• Your instructions:
The result should be the lines from the one that contains "Видео где хаски шепчет на ухо человеку" to the final line of the entries below, copied exactly and with no pictures.

::::::::::

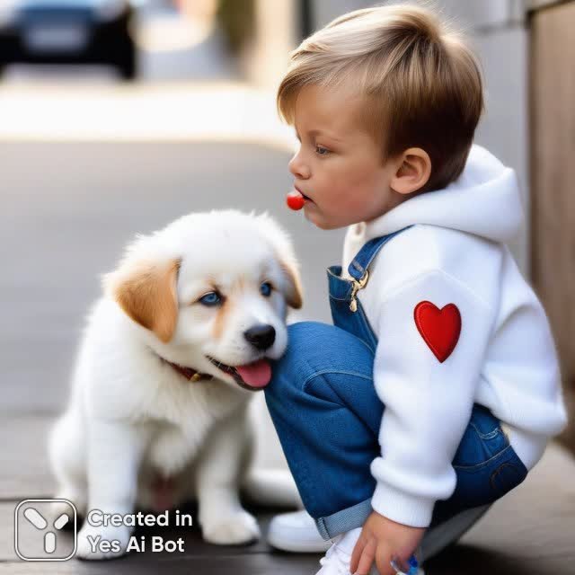 Нежная сцена трогательной дружбы между мальчиком и уличным псом запечатлена в этом снимке. Юный парень с выразительными голубыми глазами излучает чистоту и доброту, одетый он в белоснежный свитер, украшенный яркими эмодзи, и джинсовый комбинезон с милыми заплатками. Его образ дополняют белые кроссовки, придающие ему легкости и беззаботности. Внимание приковывает момент искренней нежности: мальчик склоняется, чтобы поцеловать пушистого и немного недовольного уличного пса. Контраст между радостью на лице мальчика и слегка хмурым выражением морды собаки создает очаровательную динамику, наполненную теплом и привязанностью. Эта фотография – гимн преданности и безусловной любви, которая не знает границ и соединяет сердца разных существ. Она передает ощущение уюта, безопасности и истинной дружбы, способное согреть душу даже в самый холодный день. Взгляд мальчика полон заботы и ласки, а собака, несмотря на свой непростой жизненный опыт, отвечает ему доверием и принятием. Это изображение – воплощение искренних чувств, которые заставляют верить в лучшее и дарят надежду на светлое будущее. Кажется, что эта дружба способна преодолеть любые трудности и стать настоящим чудом
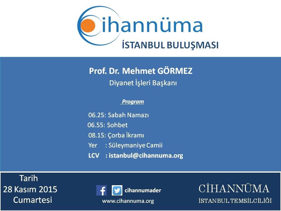 Cihannüma İstanbul Buluşması'nda bu hafta Diyanet İşleri Başkanı Prof. Dr. Mehmet Görmez ağırlanacak.
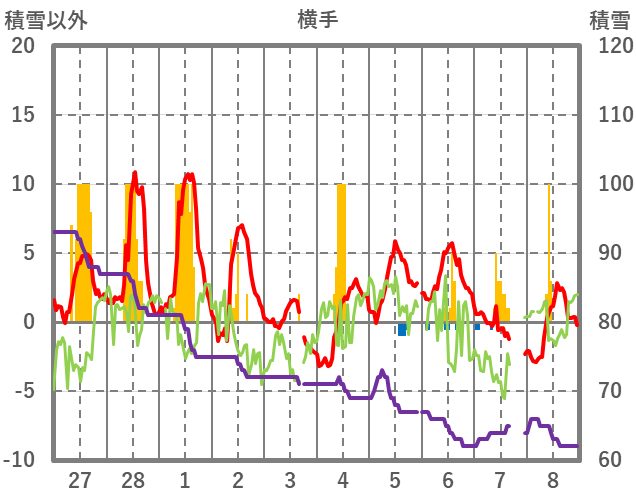 | 日 | 時 | 気温 | 降水 | 風向/風速 | 日照 | 積雪 | 降雪 |
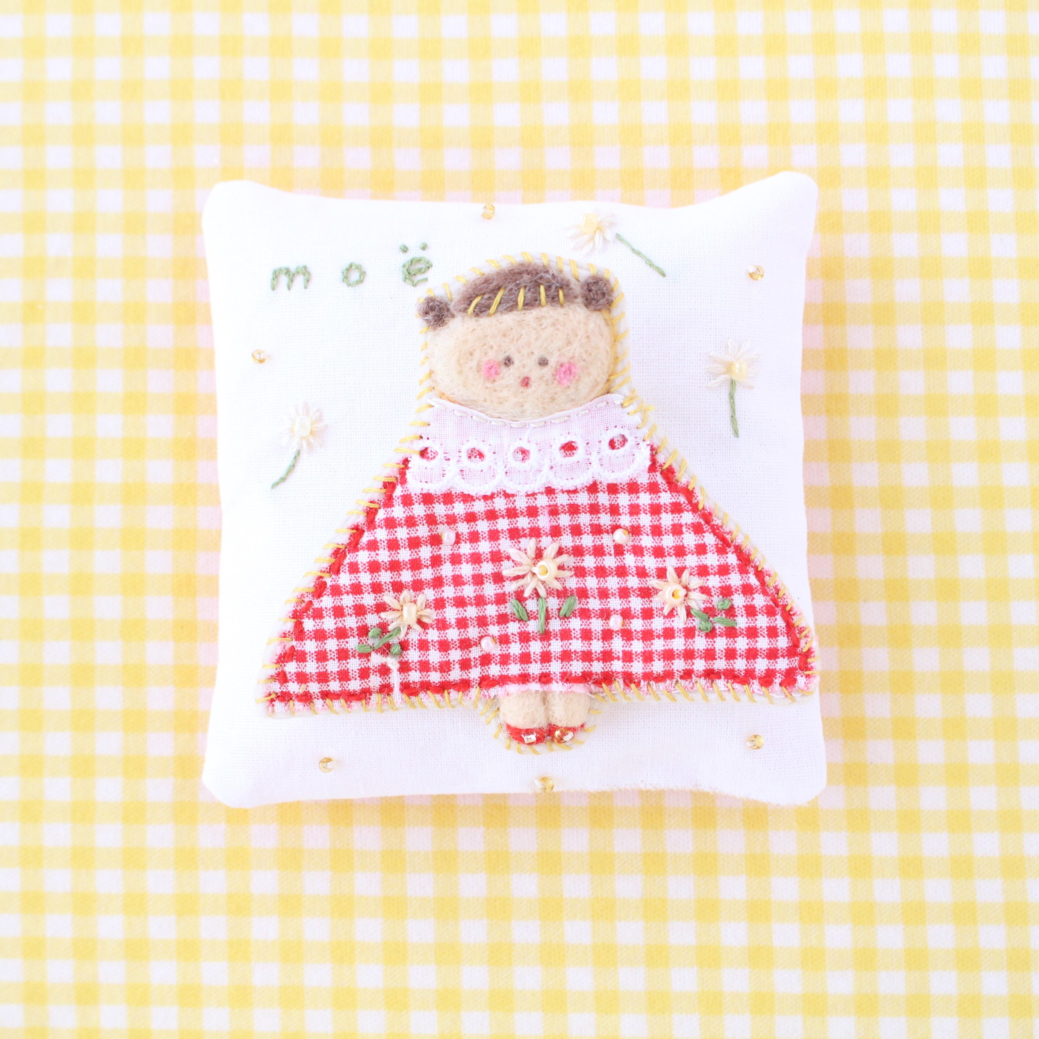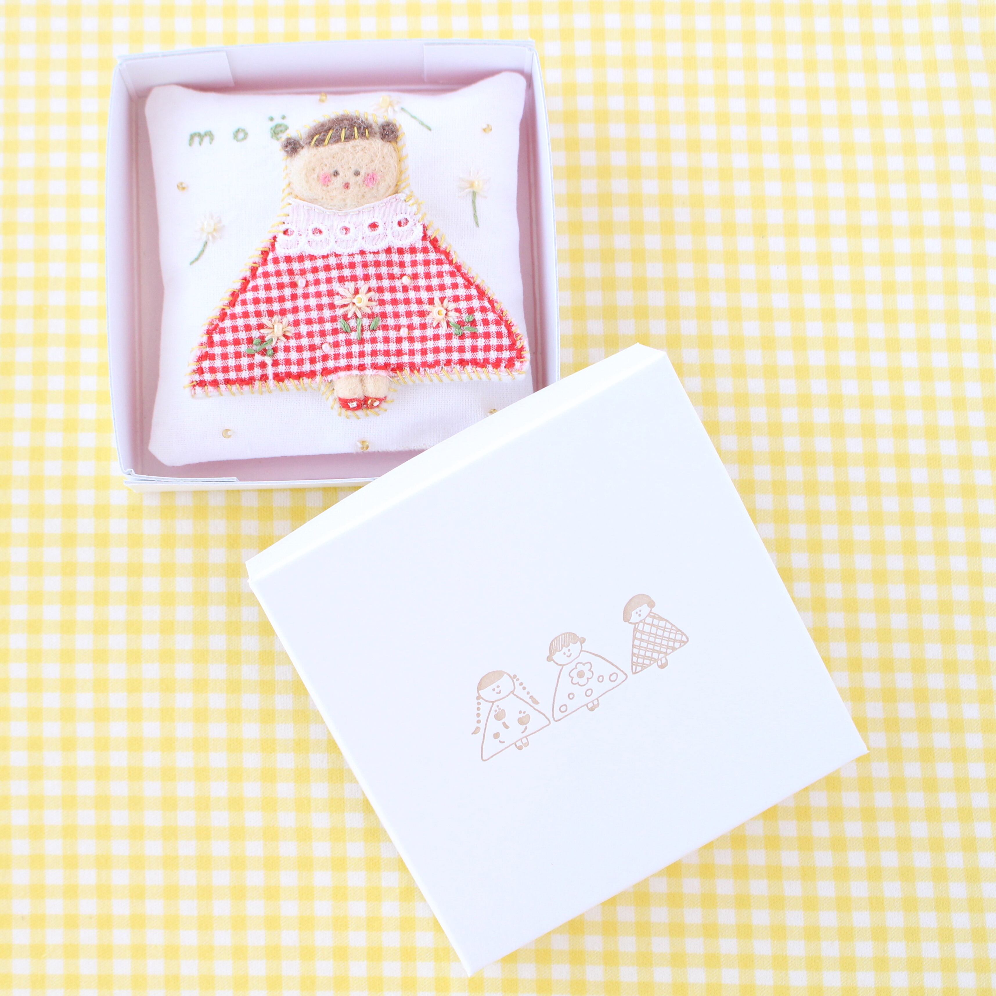 赤いチェックとお花の刺繍ワンピースのおんなのこbrooch
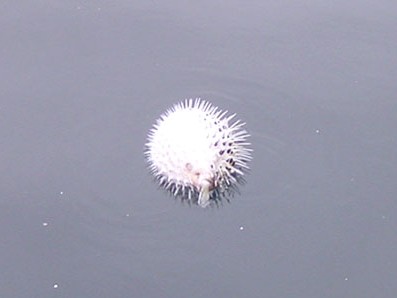 船着き場の水面に,ハリセンボンが浮いてました。
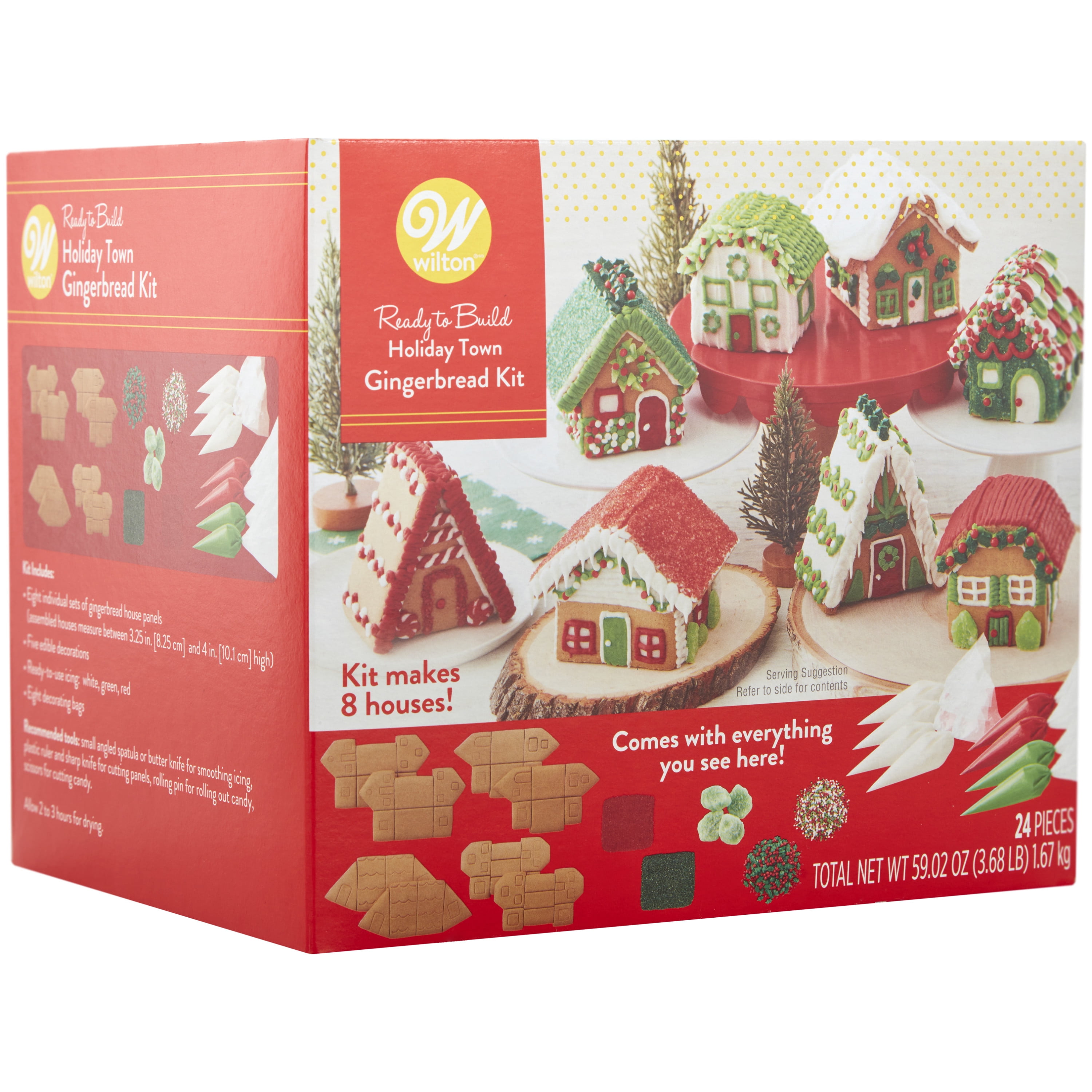 - Christmas gingerbread kit includes 24 total pieces: eight individual sets of gingerbread house panels; five edible decorations (holly sprinkle mix; white, red and green nonpareils mix; green mint gummy leaves; green sanding sugar; red sanding sugar); white, green and red ready-to-use icings; and eight decorating bags
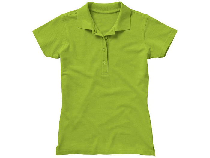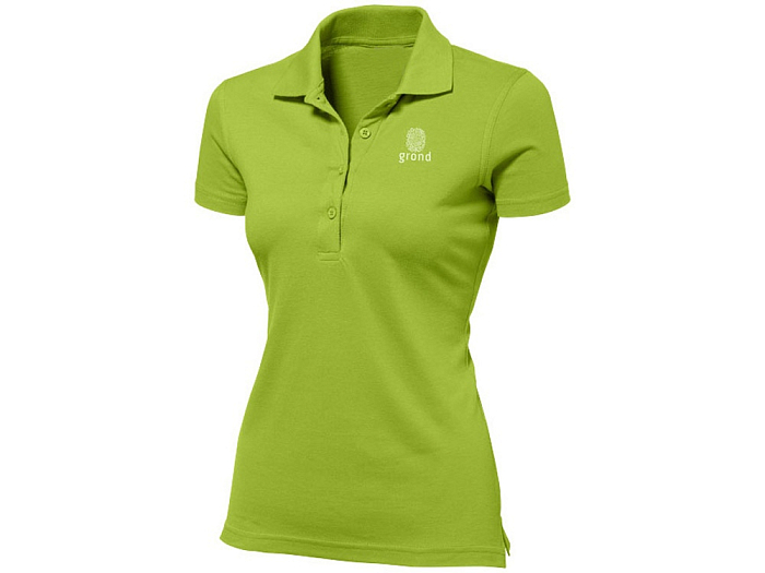 Женская рубашка-поло First. Воротник 1х1. Обшивка внутри воротника. Мужская и детская модели с 2 пуговицами, женская - с 4 пуговицами. Пуговицы с гравировкой в тон. Пике, 100% хлопок. 160 г/м2.
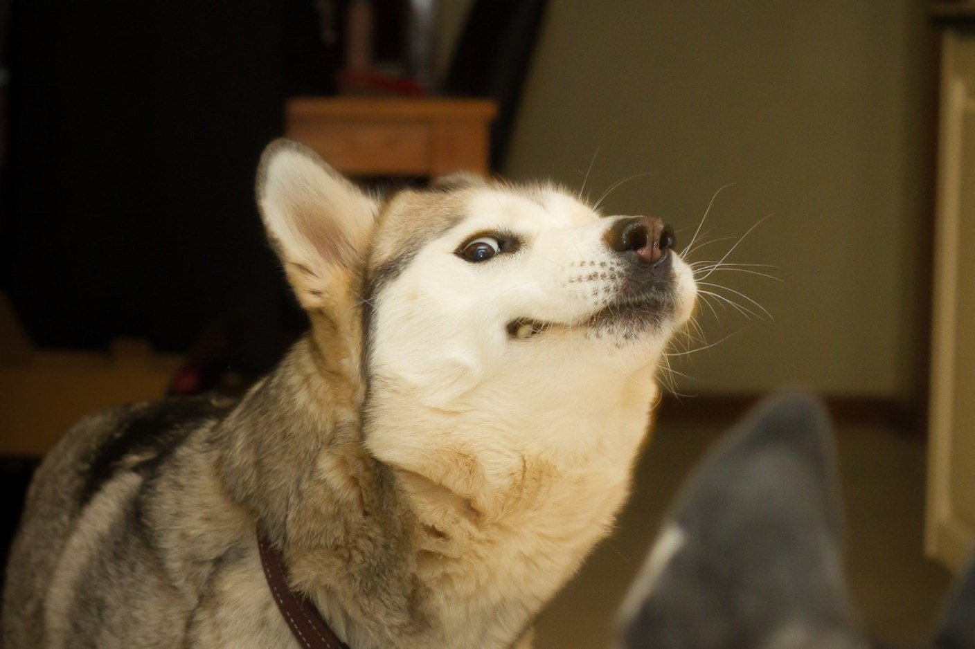 Видео где хаски шепчет на ухо человеку
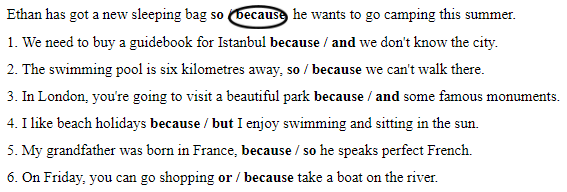 (Hoàn thành các câu với because và các cụm từ cho sẵn.)
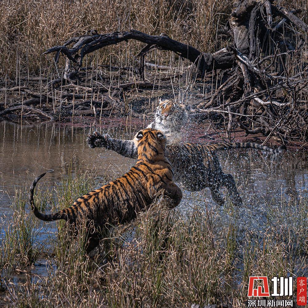 2020年7月27日,猛虎斗有多壯觀?來自印度德里的41歲職業(yè)業(yè)攝影師Nitish Madan,在在印度北部倫滕波爾國家公園游覽時,見證了兩只老虎幼崽激烈的水上爭奪戰(zhàn)。從畫面中可以看到,兩只足足有200磅重的孟加拉虎,面對面互相咆哮,伸出虎爪兇猛至極,才15個月大就已經(jīng)有了王者風范。

::::::::::

• Output below:
 Видео где хаски шепчет на ухо человеку
 (Hoàn thành các câu với because và các cụm từ cho sẵn.)
 2020年7月27日,猛虎斗有多壯觀?來自印度德里的41歲職業(yè)業(yè)攝影師Nitish Madan,在在印度北部倫滕波爾國家公園游覽時,見證了兩只老虎幼崽激烈的水上爭奪戰(zhàn)。從畫面中可以看到,兩只足足有200磅重的孟加拉虎,面對面互相咆哮,伸出虎爪兇猛至極,才15個月大就已經(jīng)有了王者風范。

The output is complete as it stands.